The only issue I can see in your animation is from the striped lines in the oven glass. I believe the "flickering" you're seeing is those lines are interacting with over edges/lines inside the oven or reflected in the glass and creative a moiré patter effect. Back in my print days, the only way to remove the patter was to alter the angles of things that are interacting. If a TV host makes the mistake of wearing a fine patterned jacket on air, the patter with interact with the pixels of the camera. This is way you will see mostly solid colors on TV or at least larger patterns.
One test you can do to see if I am correct, is to take your material on the oven door and rotate it several degrees and render a short test. If I am right, that flicker will either get better, worse or perhaps disappear but that is unlikely since the camera is moving and so the angles are constantly changing.
So my theory can easily tie in with @maru's idea of increasing the passes and/or render size. The more pixels, the smoother the result. There's a catch.
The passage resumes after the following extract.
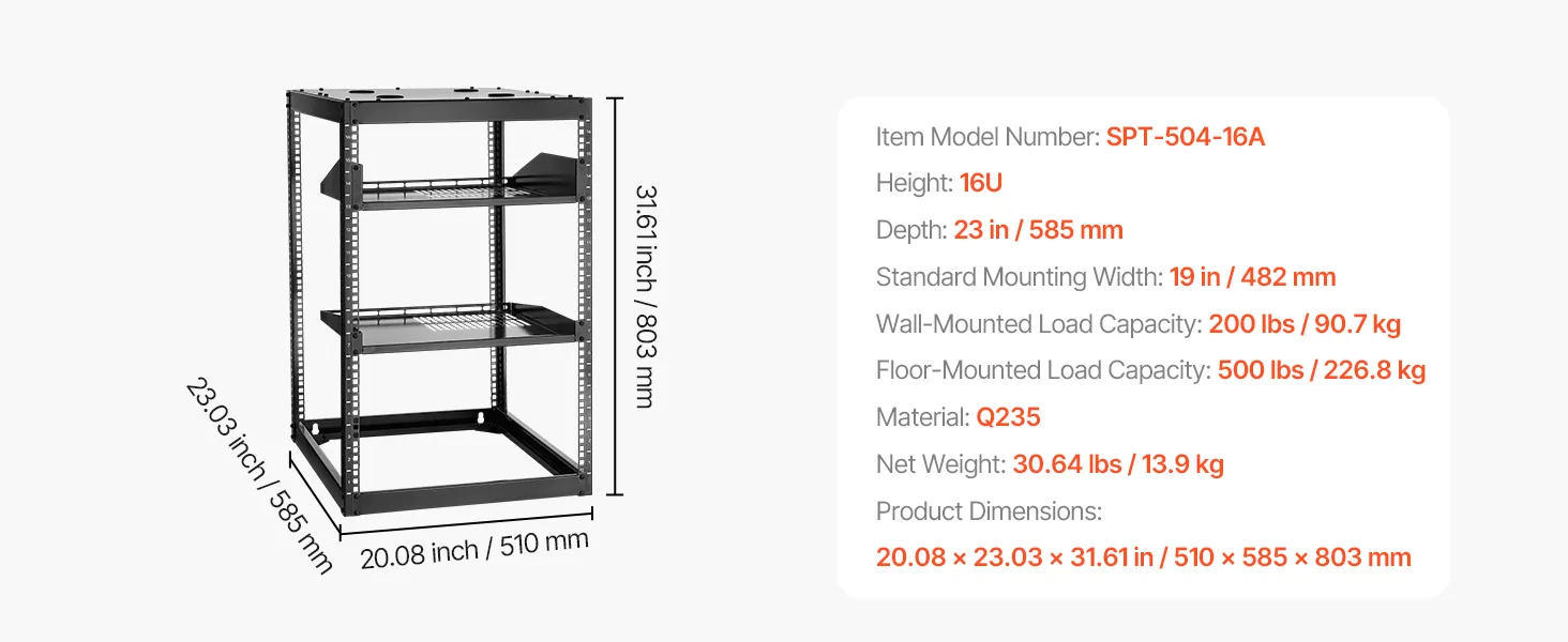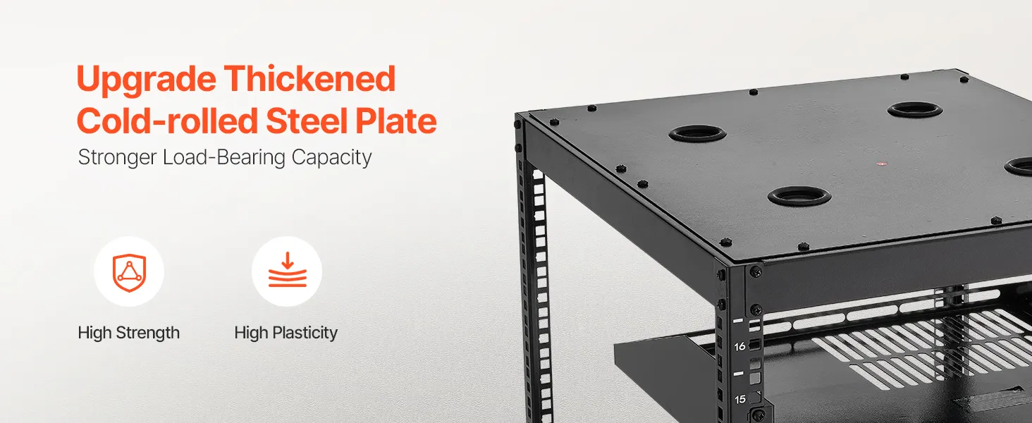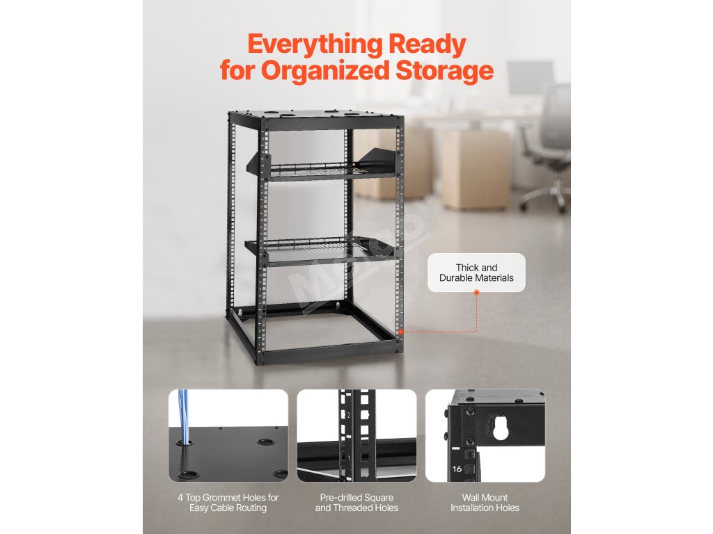 Tento sieťový stojan s otvoreným rámom má robustnú konštrukciu, odoláva otrasom a deformáciám, je spoľahlivý na dlhodobé používanie.

You can render at 4k and it looks perfect, but when you sample down to HD or any online compression, you may re-introduce some of the flicker. Most likely, it will be less but also softer output overall which could be good or less good.
The rest of the scene seems smooth to me, even the sparkles on the stove burners are smooth. I believe there's a way to render just a portion of the frame. Maybe in that output, you can crank up the passes or what the others have suggested to reduce the render times.